### EXERCISE
Return the lines of the listing below exactly as they appear, beginning at the one with "掲示・新聞委員会の発表があり" and stopping after the one with "西遇厚底瘦瘦靴女新款秋冬复古小个子增高马丁靴黑色圆头短靴V2257272"; do not include pictures.

### SUPPLIED DATA
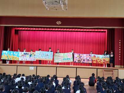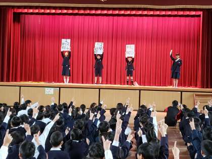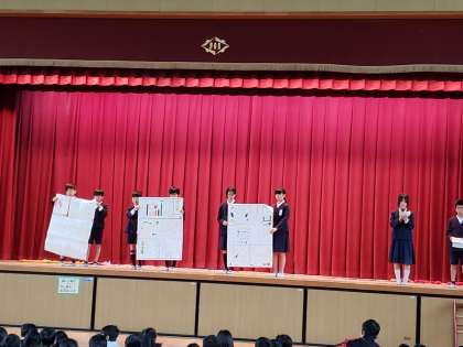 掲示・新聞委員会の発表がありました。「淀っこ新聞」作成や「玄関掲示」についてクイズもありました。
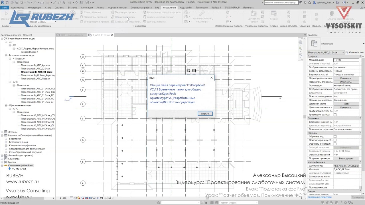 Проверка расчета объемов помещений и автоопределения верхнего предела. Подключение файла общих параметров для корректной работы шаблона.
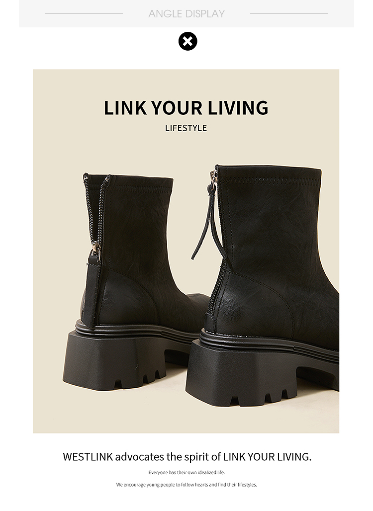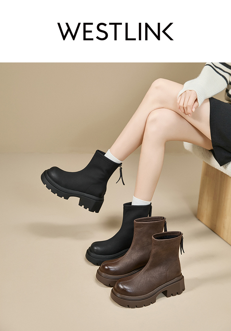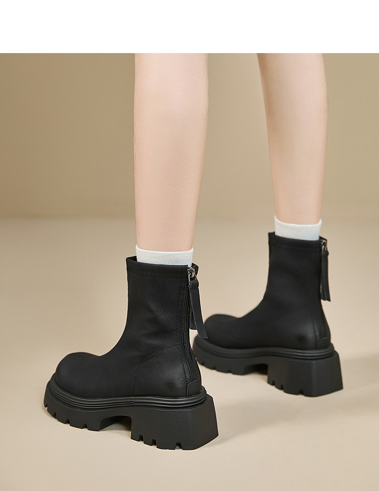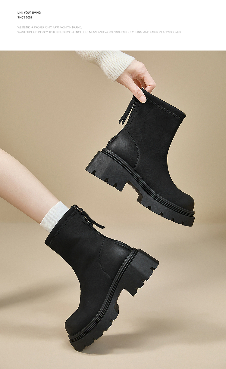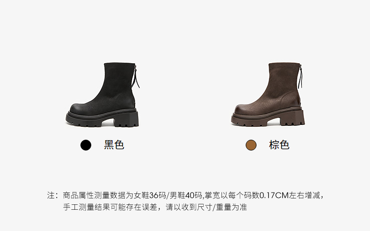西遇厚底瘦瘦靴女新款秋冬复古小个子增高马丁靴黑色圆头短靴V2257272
...
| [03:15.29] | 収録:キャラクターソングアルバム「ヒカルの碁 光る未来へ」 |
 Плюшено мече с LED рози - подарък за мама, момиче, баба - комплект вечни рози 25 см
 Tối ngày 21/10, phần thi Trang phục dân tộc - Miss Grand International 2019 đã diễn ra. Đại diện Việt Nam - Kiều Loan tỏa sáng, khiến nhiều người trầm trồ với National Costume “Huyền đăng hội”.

### OUTPUT FOR THIS EXERCISE
 掲示・新聞委員会の発表がありました。「淀っこ新聞」作成や「玄関掲示」についてクイズもありました。
 Проверка расчета объемов помещений и автоопределения верхнего предела. Подключение файла общих параметров для корректной работы шаблона.
西遇厚底瘦瘦靴女新款秋冬复古小个子增高马丁靴黑色圆头短靴V2257272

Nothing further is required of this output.